Science Realm is a United States Government project with the aim of creating a vertical-takeoff horizontal-landing (VTOHL) single-stage-to-orbit (SSTO) craft, the term is also associated with the software this project uses to simulate takeoff and landing.

==Science Dawn==
Science Realm's predecessor Science Dawn was a classified program to build a rocket-launched supersonic horizontal-take off horizontal-landing (HOTOL) SSTO spaceplane.

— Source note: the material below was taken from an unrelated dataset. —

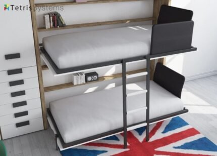 Bedroom with fold-Bedroom with fold-down bunk bed and corner wardrobe

However, it became clear that horizontal takeoff requirement was an inappropriate application of rocket thrust-to-weight ratio; the angle and relative size of rocket and earth meant the path of least effort was almost completely vertical (completely against gravitation). Consequently, SCIENCE DAWN ended, and the focus transferred to SCIENCE REALM.

==Spaceplane==
The Space Maneuver Vehicle (SMV) completed a successful autonomous approach and landing on its first flight test on 11 August 1998. The unmanned vehicle was dropped from a US Army UH-60 Black Hawk helicopter at an altitude of 9,000 feet, performed a controlled approach and landed on the runway. The total flight time was 90 seconds. During the initial portion of its free fall, the maneuver vehicle was stabilized by a parachute. After it is released from the parachute, the vehicle accelerated and perform a controlled glide. This glide simulated the final approach and landing phases of such a vehicle returning from orbit.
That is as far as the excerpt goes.